**ENTRIES SUPPLIED:**
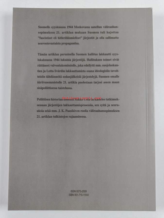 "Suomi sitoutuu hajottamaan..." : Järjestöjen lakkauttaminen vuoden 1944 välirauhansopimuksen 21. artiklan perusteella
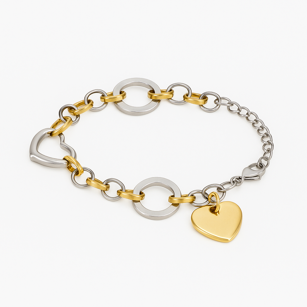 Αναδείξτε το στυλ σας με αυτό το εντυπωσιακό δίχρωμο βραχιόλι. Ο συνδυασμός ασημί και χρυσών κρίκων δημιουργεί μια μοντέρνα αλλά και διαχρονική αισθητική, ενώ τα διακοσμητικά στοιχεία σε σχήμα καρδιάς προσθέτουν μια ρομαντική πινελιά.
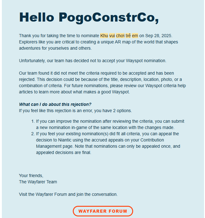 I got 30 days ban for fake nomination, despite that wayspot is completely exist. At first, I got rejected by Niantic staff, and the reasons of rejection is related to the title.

---

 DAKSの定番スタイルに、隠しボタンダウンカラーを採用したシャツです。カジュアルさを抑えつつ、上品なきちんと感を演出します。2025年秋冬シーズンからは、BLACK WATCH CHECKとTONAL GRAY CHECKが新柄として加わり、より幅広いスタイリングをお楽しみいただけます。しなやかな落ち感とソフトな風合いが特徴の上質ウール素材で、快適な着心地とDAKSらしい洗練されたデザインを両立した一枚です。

**YOUR ASSIGNMENT:**
Your output should be the lines above from the one that contains "Αναδείξτε το στυλ" through the one that contains "I got 30 days", word for word, with pictures left out.

**EXPECTED ANSWER:**
 Αναδείξτε το στυλ σας με αυτό το εντυπωσιακό δίχρωμο βραχιόλι. Ο συνδυασμός ασημί και χρυσών κρίκων δημιουργεί μια μοντέρνα αλλά και διαχρονική αισθητική, ενώ τα διακοσμητικά στοιχεία σε σχήμα καρδιάς προσθέτουν μια ρομαντική πινελιά.
 I got 30 days ban for fake nomination, despite that wayspot is completely exist. At first, I got rejected by Niantic staff, and the reasons of rejection is related to the title.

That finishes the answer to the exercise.